5. Find your R² value.
Remember what R² is? This number between 0 and 1 indicates how much your trend line actually fits the shape of your scatter plot. Select ‘Options,’ then ‘Display R-squared value on Chart.’ R² will appear next to your line. After you’re done, click ‘OK.’
6. Record R² back in your spreadsheet.
In the cells to the left of your graph, record the R² value that was displayed at the end of your scatter plot’s trendline.
Plan on running more than one regression analysis, each with different trendlines, then recording each of their R² values in their own cells in your original spreadsheet — as shown below. This will allow you to determine which type of trendline best explains the shape of your scatter plot. The type of line with the R² closest to the number 1 is your best-fitting trendline.
7. Remove your trendline.
Click on the line, then hit “delete” on your keyboard. Time to see if a different trendline more closely supports your data trend.
8. Run steps 4-7 again using new types of trendlines.
Repeat steps 4 through 7 for exponential and logarithmic lines. The more trendlines for which you find R² values, the more accurate your regression analysis will be. You want to be absolutely sure of the type of trend your data is showing, and stopping after one linear regression analysis is often not enough testing to draw a conclusion from.
9. Compare R² values. Whichever is nearest to 1 is the best fit.
If you’re linear, you’re growing at a steady rate.

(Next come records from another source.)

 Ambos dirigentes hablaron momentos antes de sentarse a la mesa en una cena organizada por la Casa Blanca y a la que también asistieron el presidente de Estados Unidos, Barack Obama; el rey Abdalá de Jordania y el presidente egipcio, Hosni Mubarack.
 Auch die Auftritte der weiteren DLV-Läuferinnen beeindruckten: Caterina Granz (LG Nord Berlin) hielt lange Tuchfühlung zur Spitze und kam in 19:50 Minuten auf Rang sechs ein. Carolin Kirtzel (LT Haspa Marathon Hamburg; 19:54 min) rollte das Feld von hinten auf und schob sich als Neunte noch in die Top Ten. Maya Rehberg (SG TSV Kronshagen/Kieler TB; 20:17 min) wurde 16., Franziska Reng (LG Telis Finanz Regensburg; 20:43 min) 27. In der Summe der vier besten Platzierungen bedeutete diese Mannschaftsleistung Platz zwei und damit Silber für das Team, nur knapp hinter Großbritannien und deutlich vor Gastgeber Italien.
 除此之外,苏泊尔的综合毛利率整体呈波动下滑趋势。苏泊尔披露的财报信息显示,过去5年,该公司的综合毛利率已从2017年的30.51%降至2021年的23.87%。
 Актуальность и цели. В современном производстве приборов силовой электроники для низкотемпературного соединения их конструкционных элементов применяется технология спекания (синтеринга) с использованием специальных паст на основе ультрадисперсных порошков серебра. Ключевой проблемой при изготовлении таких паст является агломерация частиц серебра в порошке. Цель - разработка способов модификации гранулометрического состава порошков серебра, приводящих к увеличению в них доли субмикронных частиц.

If you’re exponential, you’re growing at an increasing rate. If you’re logarithmic, your growth is slowing.
It’s possible that none of them are a great fit — see the warning above for more information on this.
In our example, exponential regression is the best fit because it has the highest R², at 0.896, and all are relatively close to 1. (Click the image below to enlarge it.) This means the exponential line is the best fit for your blog growth, and since it’s increasing exponentially, you have been growing quickly.
That’s it, folks! By now, you should have an idea of how fast your blog is growing. Remember, this is only an indication of your past growth. Anything can happen in the future to throw off your traffic.